Я очутился в каком-то темном, непонятном для меня месте. Впрочем, я упомянул о месте только по старой привычке: никакого понятия о пространстве для меня не существовало. Времени также не было, так что я не могу определить, сколько длилось то состояние, в котором я находился. Я ничего не видел, ничего не слышал, я только думал, – настойчиво, усиленно думал.

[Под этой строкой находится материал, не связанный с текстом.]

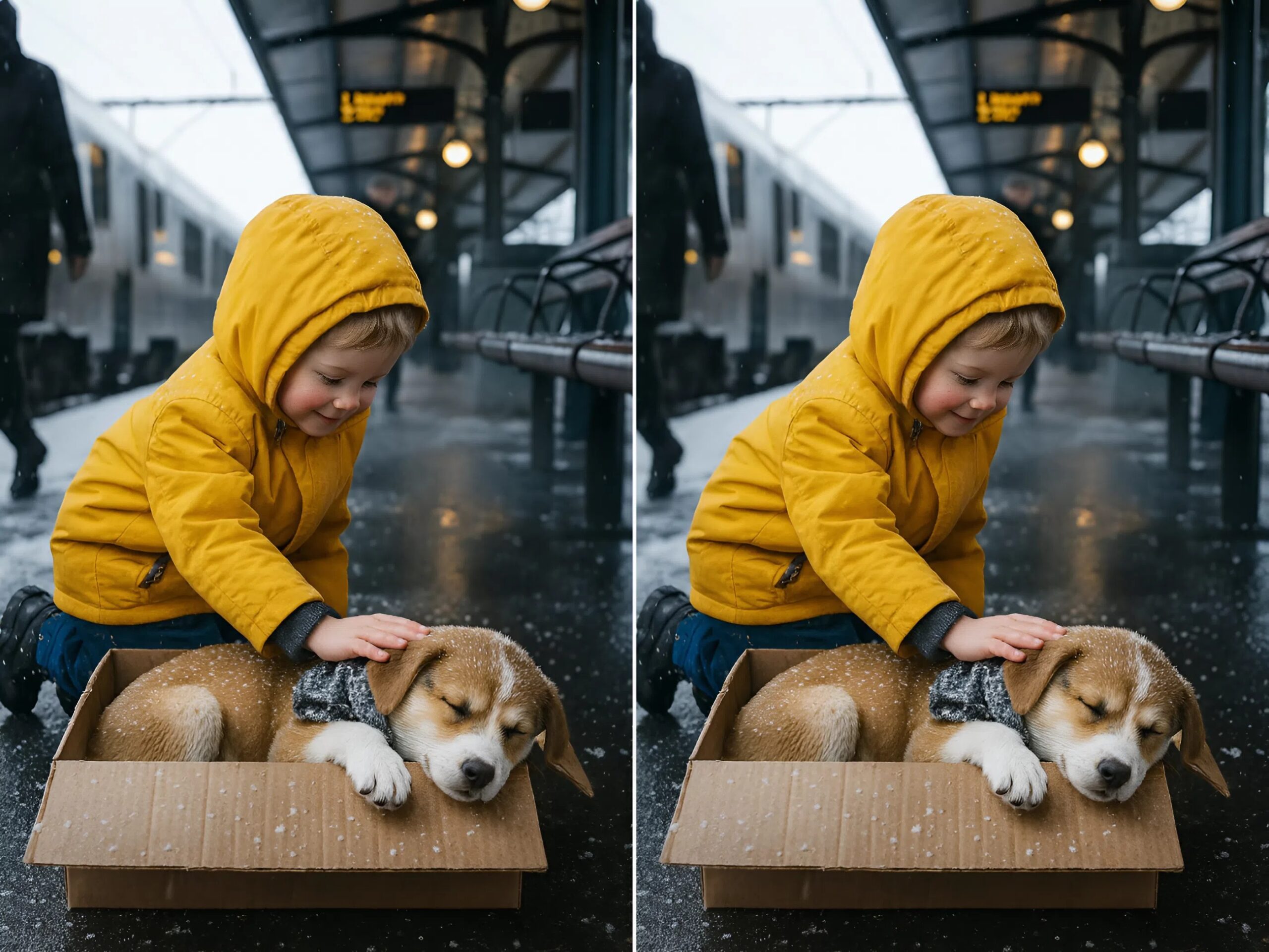Na plataforma coberta de neve, o menino de repente notou um cachorrinho encolhido dentro de uma caixa de papelão, como se tentasse se esconder do frio cruel.

Главная загадка, мучившая меня всю жизнь, была разрешена. Смерти нет, есть одна жизнь бесконечная. Я всегда был убежден в этом и прежде, но только не мог ясно формулировать своего убеждения. Основывалось это убеждение на том, что в противном случае вся жизнь была бы вопиющей нелепостью. Человек мыслит, чувствует, сознает все окружающее, наслаждается и страдает – и он исчезает. Его тело разлагается и служит к образованию новых тел – это все могут видеть ежедневно. Но куда же девается то, что сознавало и себя, и весь окружающий мир? Если материя бессмертна, отчего сознанию суждено исчезать бесследно? Если же оно исчезает, откуда оно появляется и какая цель такого эфемерного появления? Я считал это нелепостью и потому допустить не мог.
Теперь я на собственном опыте видел, что сознание не умирает, что я никогда не переставал и, вероятно, никогда не перестану жить. Но в то же время назойливо восставали передо мной новые «проклятые вопросы». Если я никогда не умирал и всегда буду вновь воплощаться на земле, то какая цель этих последовательных существований? По какому закону они происходят и к чему, в конце концов, приведут меня? Вероятно, я бы мог уловить этот закон и понять его, если бы вспомнил все или хоть некоторые минувшие существования, но отчего же именно этого воспоминания лишен человек? За что он осужден быть вечным невеждой, что даже понятие о бессмертии является ему только в виде догадки? А если какой-нибудь неизвестный закон требует забвения и мрака, зачем в этом мраке являются странные просветы, как это случилось, например, со мной, когда я приехал в замок Ларош-Моден?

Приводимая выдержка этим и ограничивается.